The firm‑level constraints extracted from Tarsus’ disclosures form a coherent operating signal set:

  • Spot contracting: Revenue is recognized at delivery, indicating transactional sales rather than multi‑period contractual revenue. This supports near‑term cash visibility but reduces recurring revenue predictability. Evidence: revenue recognition policy in the Form 10‑K.

  • North American sales concentration: Commercial launch and primary sales execution are U.S.‑focused; the sales organization and marketing investments center on the U.S. specialty ophthalmology channel. Evidence: multiple 2023–2024 disclosures on launch and commercialization in the U.S.

  • Material customer concentration: The company defines major customers as those representing over 10% of revenue, signaling that a small set of customers could materially affect results. Evidence: customer concentration disclosure in the Form 10‑K.

  • Dual role: seller and distributor reliance: Tarsus acts as seller to distributors while depending on those same distributors to reach end‑users, creating operational interdependence that elevates counterparty operational risk. Evidence: the company’s description of its sales channel.

  • Active commercial stage with a single core product: XDEMVY is the company’s only product approved for commercial sale and is the primary revenue driver, which concentrates product‑cycle and regulatory risk. Evidence: Form 10‑K statements on product status and revenue reliance.
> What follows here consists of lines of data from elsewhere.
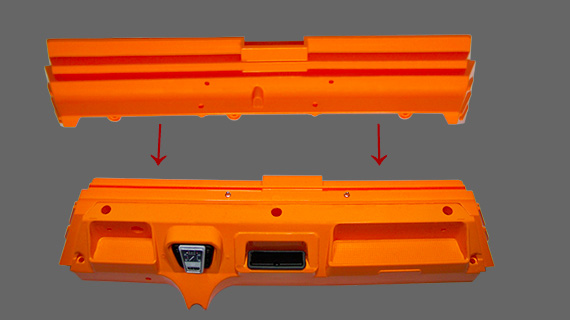 Montage des gicleurs de l'essuis-glace sur la partie supérieur du tableau de bord.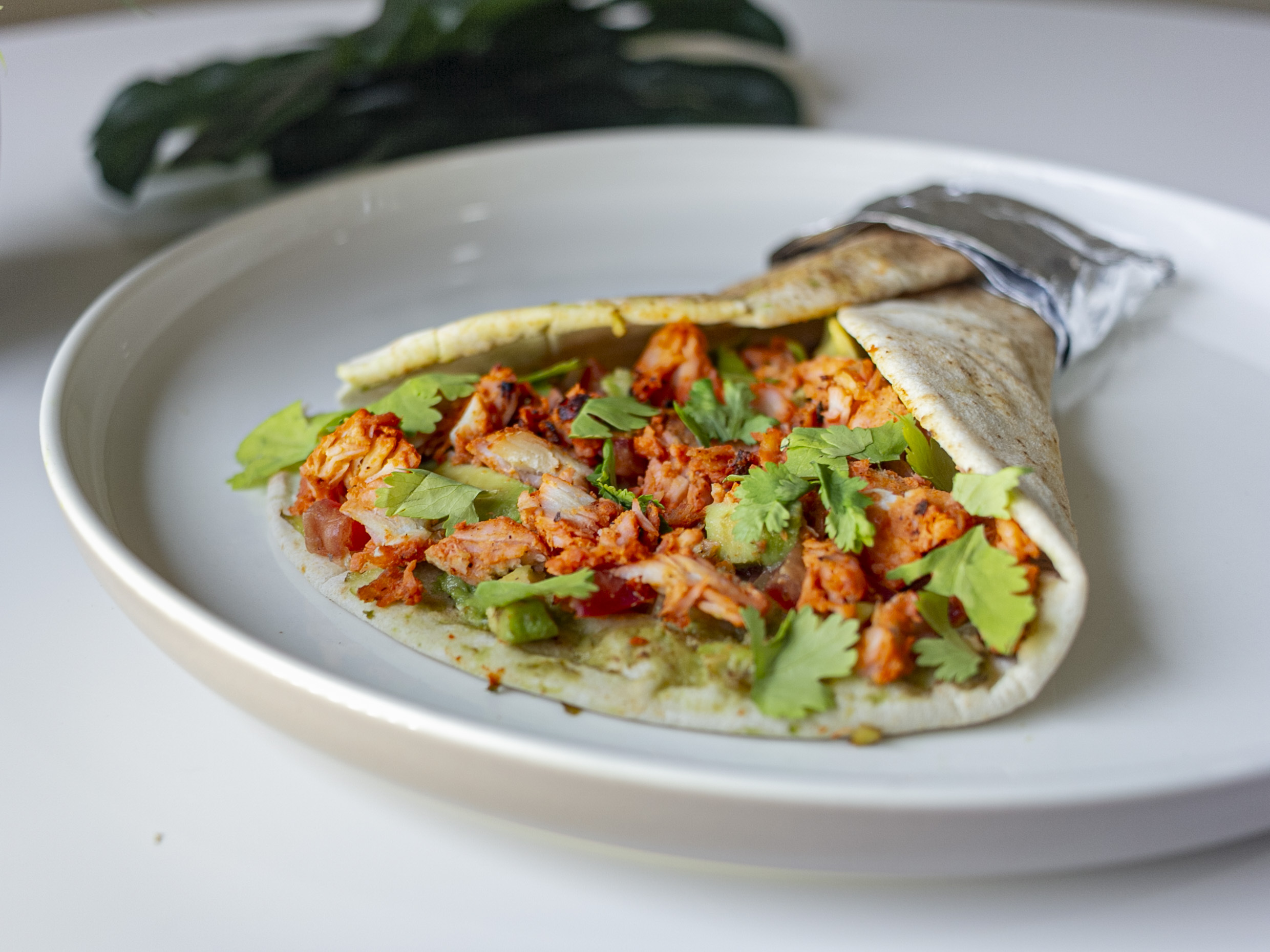 Wrap integral, pollo marinado al pastor, cebolla morada, cilantro, guacamole y salsa de la casa.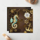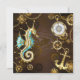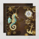 Brown wooden background with sea, mechanical ridge, an antique steering wheel, golden anchor and various gold and brass gears. Steampunk style.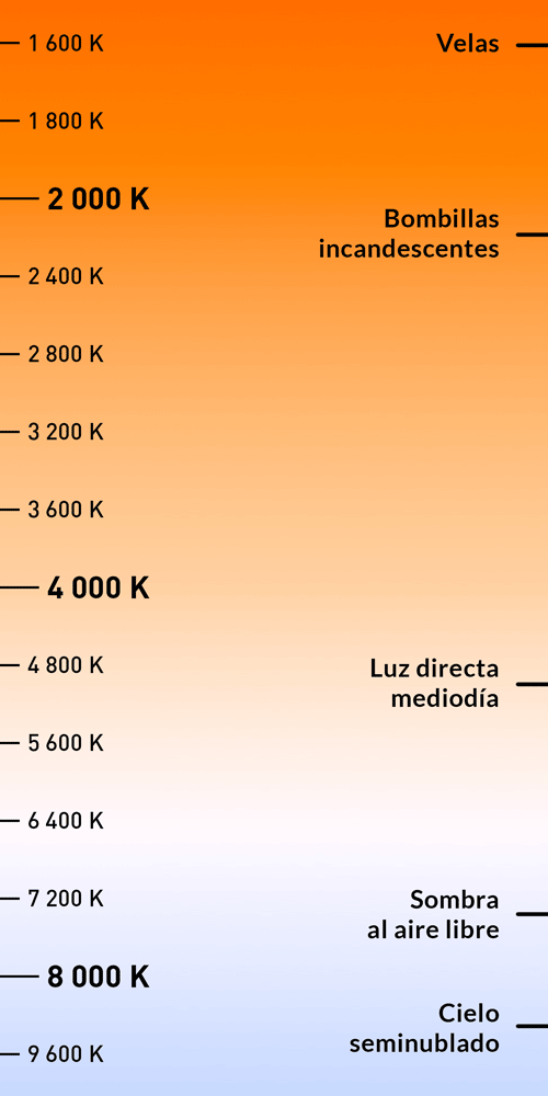 Estos términos hacen referencia a la temperatura de color de la luz. Y, ¿qué significa esto? Viene a medir la sensación que tiene tu ojo al ver una luz. Hablamos de luz cálida cuando predomina el tono ámbar y de luz fría cuando el tono predominante es el azul.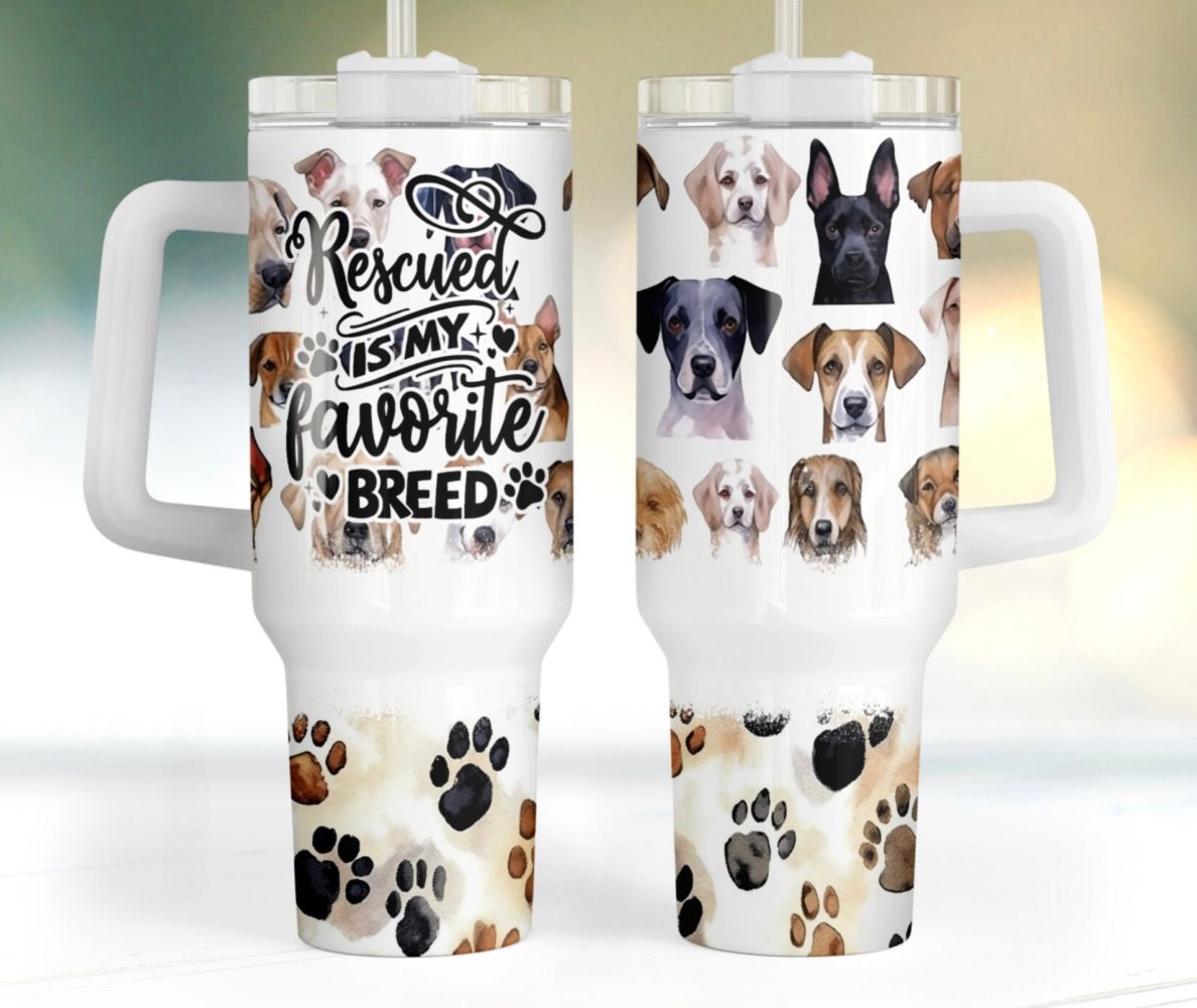 Rescued Dog Custom Stanley Quencher 40Oz Stainless Steel Tumbler With Handle

Together these signals show a company with clear monetization levers, concentrated counterparty exposure, and targeted externalization of geographic execution via licensing—a profile investors can underwrite but must monitor for distributor performance and partner milestone cadence.

Investment implications and what to watch next

  • Positive catalyst path: Additional regulatory wins, commercial adoption lifts in the U.S., and further partner milestones (beyond the $15M China trigger) will deliver step changes to cash flow and valuation.
  • Primary risk: Disruption at a major distributor or deterioration of commercial uptake for XDEMVY would compress revenue quickly because of the product’s singular role.
  • Operational signal to track: Quarterly disclosures on distributor counts, top‑10 customer revenue splits, and milestone receipts from GrandPharma/LianBio will be the clearest predictors of revenue stability.

For a consolidated view of Tarsus’ counterparties, filings, and real‑time relationship signals, see the company coverage at https://nullexposure.com/.

Bold, focused governance of distribution relationships and disciplined monitoring of partner milestones will determine whether Tarsus’ single‑product model converts into durable, diversified value for shareholders.